Long runway that gets broadened with new cross selling categories means revenue can compound above-30% for some time.
Note that the 4.5x EV/sales multiple is not very different from the ~5.5x the market is ascribing to BABA’s Core Commerce segment. Much lower than PDD’s ~7.5x multiple, though PDD’s growth rate is higher.
Why is this Cheap?
- Local services e-commerce is a new template that isn’t well understood, especially outside of China
- Meituan’s business model of cross selling high margin, low frequency services onto high frequency ones is not well understood
- Many still think of Meituan as a food delivery company or a group buying one
- Market and sell side analysts think BABA is going to focus its balance sheet towards wresting the market from Meituan
Risks
- BABA somehow shifts food delivery/in-store services/hotel OTA to the top of its priorities and goes all-in with Meituan, disregarding how a 12% incremental operating margin is going to sit with investors
- Key man risk. A lot still depends on Wang Xing, though his team is capable.

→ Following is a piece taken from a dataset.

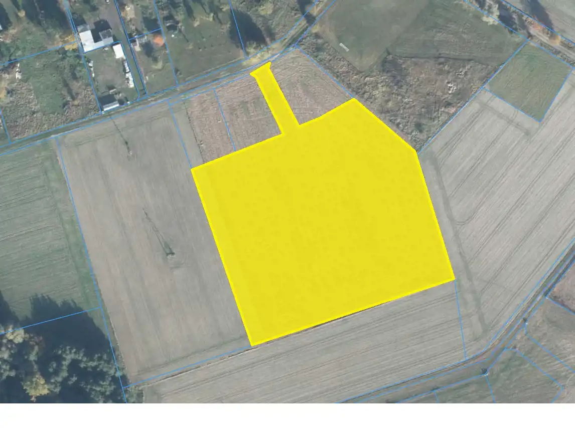 Działka z możliwością podziału na 9 mniejszych działek budowlanych (wstępny projekt podziału w galerii zdjęć).

- Lock-up expiration ~mid-March 2019. Xiaomi’s lock-up expiration saw its shares getting dumped. China Tower’s didn’t. Depending on your trading views, you can scale into the position if you like. Nothing useful to add from me when it comes to trading.

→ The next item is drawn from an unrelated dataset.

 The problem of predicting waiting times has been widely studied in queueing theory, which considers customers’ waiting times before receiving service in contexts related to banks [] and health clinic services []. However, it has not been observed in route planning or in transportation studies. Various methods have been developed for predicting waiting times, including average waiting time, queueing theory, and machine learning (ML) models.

- Cash burn is NOT an issue. Wang Xing’s first business ran out of cash and he has learnt well. Meituan’s negative working capital is ~65% of revenue. At 40% growth rate, this covers 3Q18 operating loss of CNY 3.4 bil (some of this is non-cash) by 1.5x; similar to Amazon’s cash flow dynamics. Even without negative working capital, Meituan’s CNY 59.6 bil in cash and short-term investments can cover 4.5 years of operating losses. Throw in margin expansion underway (but not yet on the financial statements), cash burn is not an issue.
Conclusion
Thanks for reading this long post. Felt the details are necessary since Meituan isn’t well understood outside China. Competition from BABA is real, but the market is pricing in something significantly more than what BABA will probably execute. Last but not least, Meituan’s operating margins are on their way to hit half of BABA’s Core Commerce’s ones, while revenues are also half of BABA’s upon adjustments. But Meituan’s current enterprise value of USD 30.4 bil vs BABA’s Core Commerce’s ~USD 240 bil is too wide a gap. Even at ¼ BABA’s level (half operating margins * half revenue), Meituan should still be a double from here.

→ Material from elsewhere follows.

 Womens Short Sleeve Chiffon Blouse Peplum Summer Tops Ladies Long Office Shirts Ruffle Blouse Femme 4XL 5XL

- Continued expansion into new categories and execution on existing ones. International expansion for Dianping along the lines of TripAdvisor helps.
- Margin expansion (already underway)
- Realization that BABA will prove to be a rational competitor and that local services is not exactly its priority
- Macro clouds lifting on Chinese equities
- Further inflows from MSCI inclusion (reported mid-Feb 2019; link). This resulted in a nice surge but might have follow-on effects. Macro clouds lifting on China might also result in heavier China allocations, which will lift Meituan indirectly.